Monday, September 24, 2018

How Desires Work

A theory of desirism requires some understanding of how desires work. This is a very brief (metaphorically toned) description of an account of intentional action, In Praise of Desire by Noma Arpaly and Timothy Schroeder - slightly modified.

A very brief (metaphorically toned) description of his account of intentional action is:

Perception and cognition (belief) creates a menu of optional actions. These sit at action gates waiting to be released.

The reward system (desire) then selects an action and opens the gate.releases it. No deliberation is involved at this point.

If desire has difficulty selecting among options, then it throws the dispute into arbitration. This is where deliberation occurs. Deliberation looks for a solution that appeals to the most and strongest desires. If it finds one, it sends that option to one of the gates to be selected. If not, the stronger desire-combination wins.

Some people have a brain disorder whereby a certain action slips past its gate without the reward system selecting it. This is Tourette’s Syndrome.

Some people have a disorder whereby the dopamine-producing cells in the reward system die off. The reward system becomes less efficient at opening the gates and, in extreme cases, stops entirely, resulting in paralysis. This is Parkinson’s Disease.

There is no pathway from belief/perception to intentional, deliberative action without the influence of desire. If there was, then the direct cognition or perception should be able to produce intentional action in an agent with Parkinson’s Disease. This is not observed.

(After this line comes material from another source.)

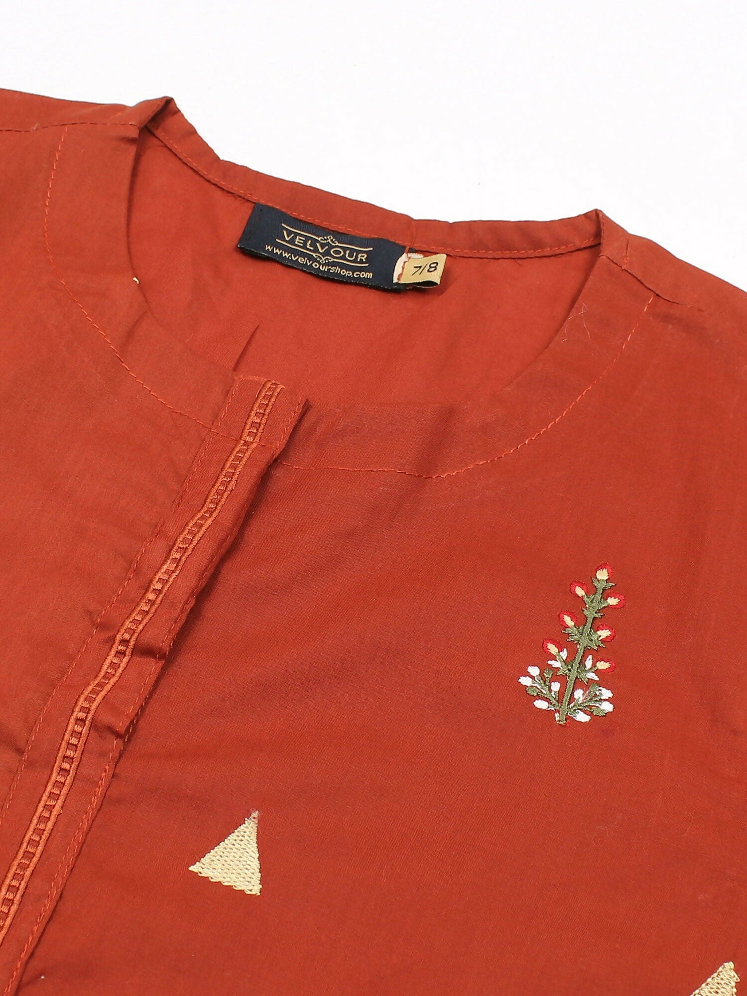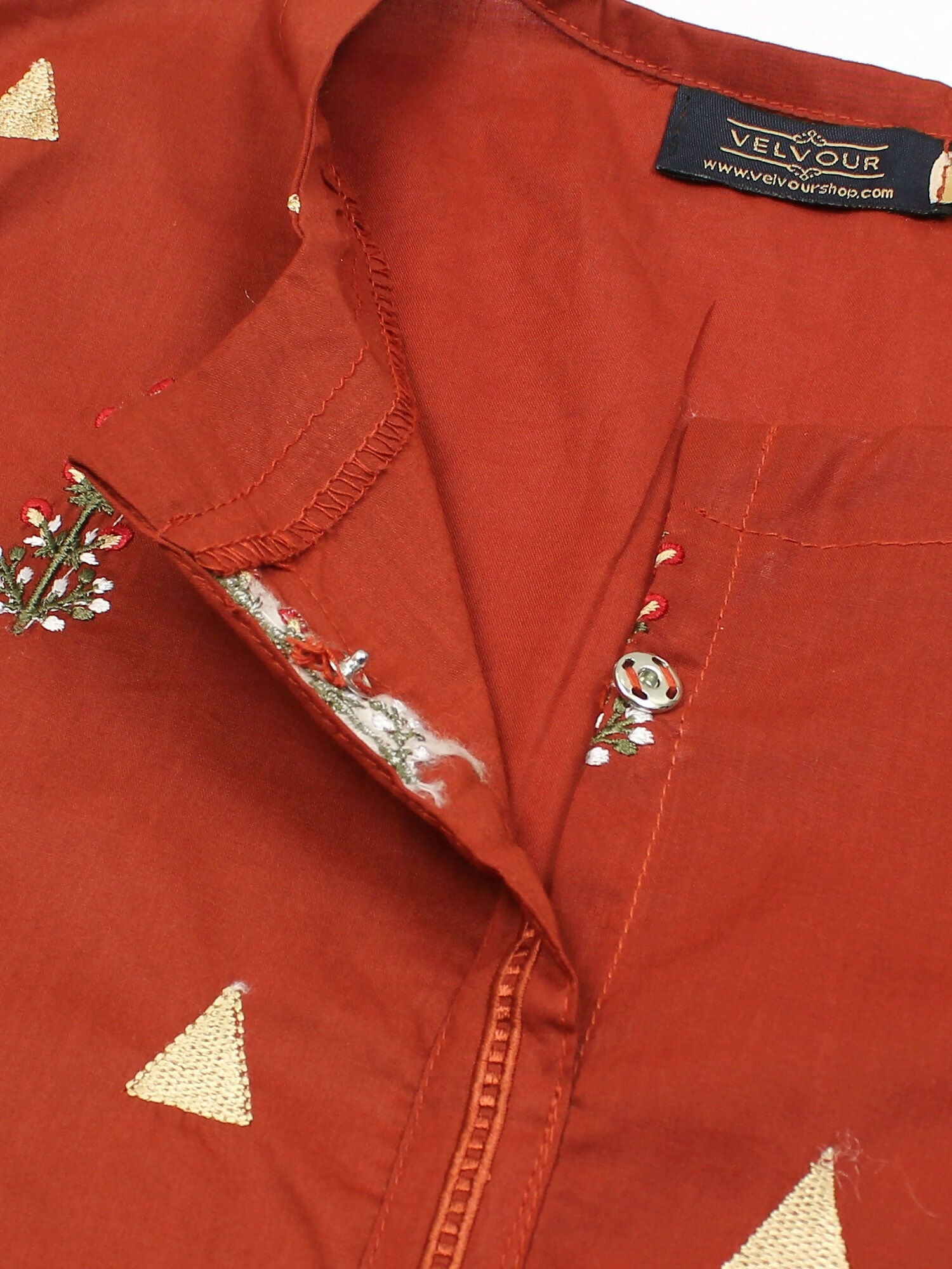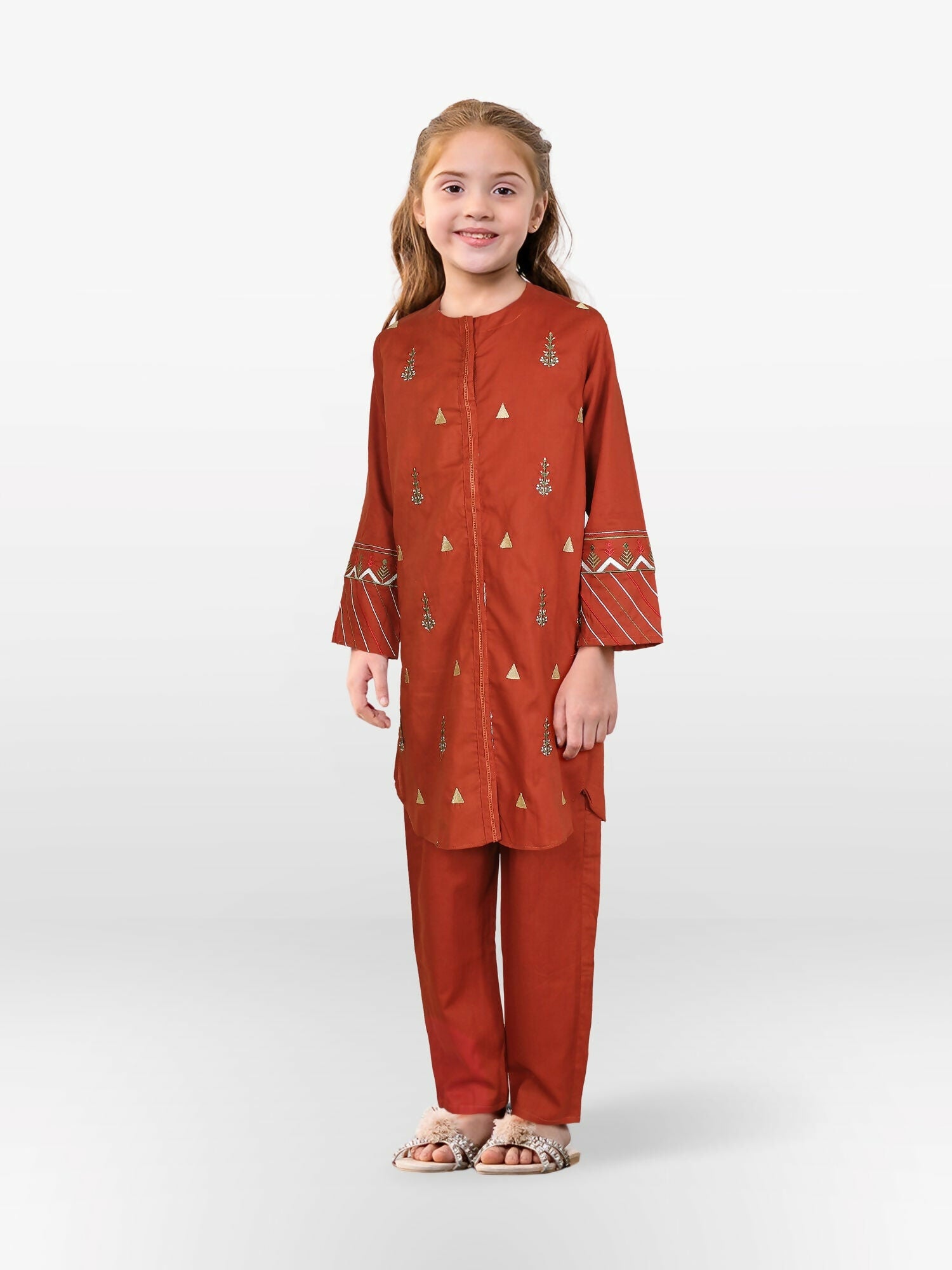 Velvour Girls Cotton Embroidered Stitched 2-Piece Suit-VG101-C

Deliberation, on this model, is not a cause of action, it is an action. It is something that an agent does because a combination of desires come into significant conflict and "send the dispute to arbitration" sits as an action gate.

The reward system, by the way, is a black box. There is no direct neural links from the reward system to memory or perception (even internal perception). Consequently, we are not conscious of its operation. We simply observe its effects.

Korsgaard seems to be focusing on deliberation (arbitration). But, in doing so, she is looking in the wrong spot. We act on desire at a pre-conscious level.

In arbitration, we (unlike animals) can consider what things would be like if certain desires are different, present, or absent. But the consequences of these deliberations do not lead directly to action. They result in a plan that goes to an action gate to be selected by existing desires.

This is why you can resolve to get up early to go exercise, but fail to do so. When the morning comes, the action is sitting at an action gate, but desire selects something else. Similarly, one can resolve to stop eating donuts. However, when the perception of a box of donuts in the kitchen puts the act of eating a donut at an action gate, desire selects it, and the resolution goes out the window.

Future desires, by the way, cannot influence present action. Present actions are caused by the present wiring of the brain. We can be aware of the fact that a present action will thwart future desires and be unmoved (or insufficiently moved) by that fact. We can also be aware that the thwarting of present desires could have been prevented if we had acted differently in the past, and resolve to do more to consider future desires. But that resolution can easily fall prey to the problem identified above.

When we do choose to alter our desires, we do so because we have other desires that motivate the change. These other desires are what select the plan for change when it sits at an action gate.

The best plan for altering our desires is a plan of self-reward and self-punishment. If we merely try to “will” a change, we will likely fail. We can not directly choose a desire (the option to have or not have a desire itself will not appear at an action gate to be selected).

These facts are quite relevant to treating addiction, phobias, and similar problems. The patient must want to change. An addict, for example, is taught to avoid perceptions (people, places) associated with the behavior as a way of preventing the addictive behavior from appearing at the action gate to be selected.